### Input data

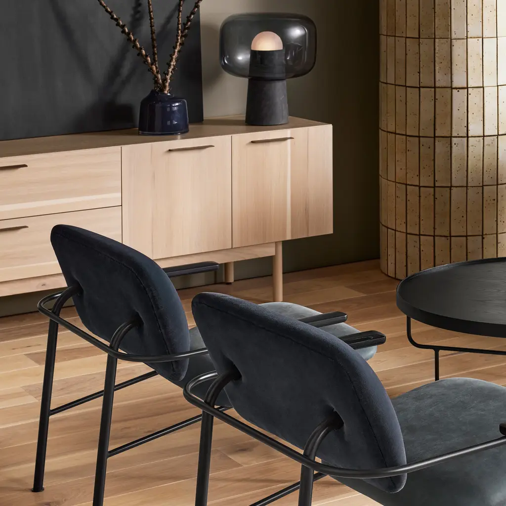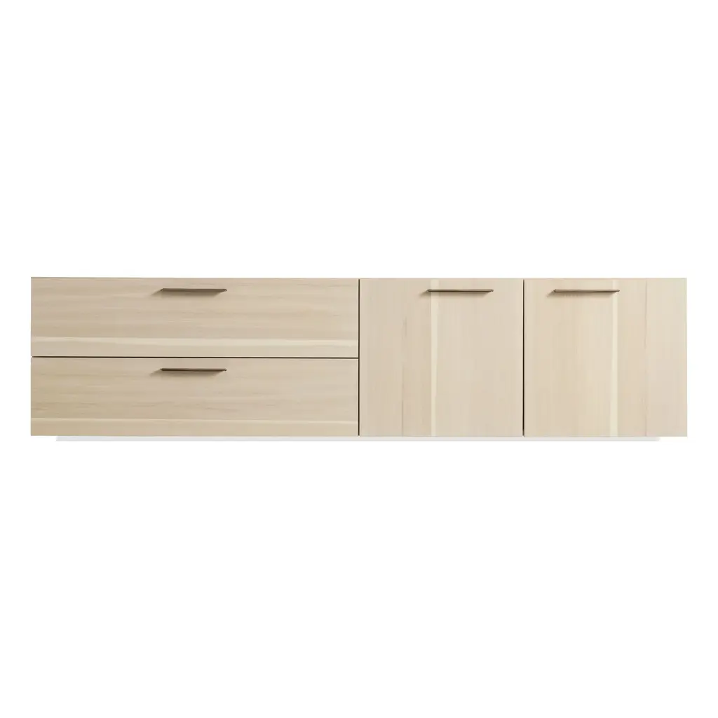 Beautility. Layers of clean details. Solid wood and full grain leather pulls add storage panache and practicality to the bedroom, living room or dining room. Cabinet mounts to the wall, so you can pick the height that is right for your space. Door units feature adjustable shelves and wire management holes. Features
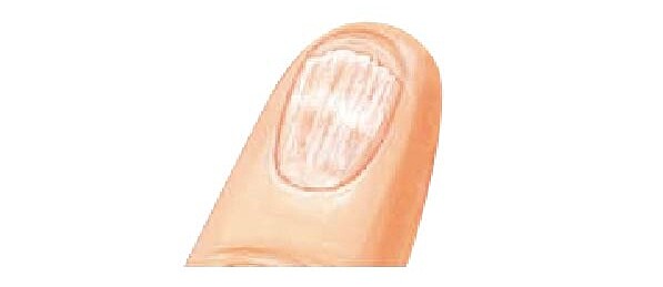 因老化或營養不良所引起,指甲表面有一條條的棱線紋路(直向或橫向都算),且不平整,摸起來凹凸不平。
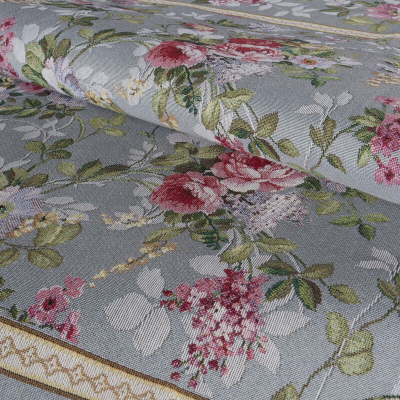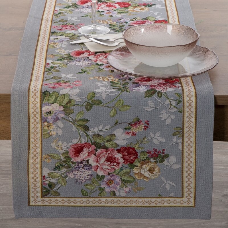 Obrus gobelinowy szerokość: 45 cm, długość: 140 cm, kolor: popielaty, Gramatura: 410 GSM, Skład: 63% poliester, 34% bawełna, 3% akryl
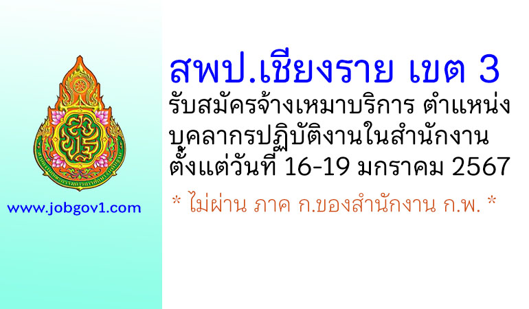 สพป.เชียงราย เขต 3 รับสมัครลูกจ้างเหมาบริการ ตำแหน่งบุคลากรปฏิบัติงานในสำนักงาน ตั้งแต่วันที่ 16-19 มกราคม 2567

### Prompt
The lines from the one containing "因老化或營養不良所引起,指甲" through the end of the data above are to be copied exactly, both ends included, and pictures are to be omitted.

### Solution for this task
 因老化或營養不良所引起,指甲表面有一條條的棱線紋路(直向或橫向都算),且不平整,摸起來凹凸不平。
 Obrus gobelinowy szerokość: 45 cm, długość: 140 cm, kolor: popielaty, Gramatura: 410 GSM, Skład: 63% poliester, 34% bawełna, 3% akryl
 สพป.เชียงราย เขต 3 รับสมัครลูกจ้างเหมาบริการ ตำแหน่งบุคลากรปฏิบัติงานในสำนักงาน ตั้งแต่วันที่ 16-19 มกราคม 2567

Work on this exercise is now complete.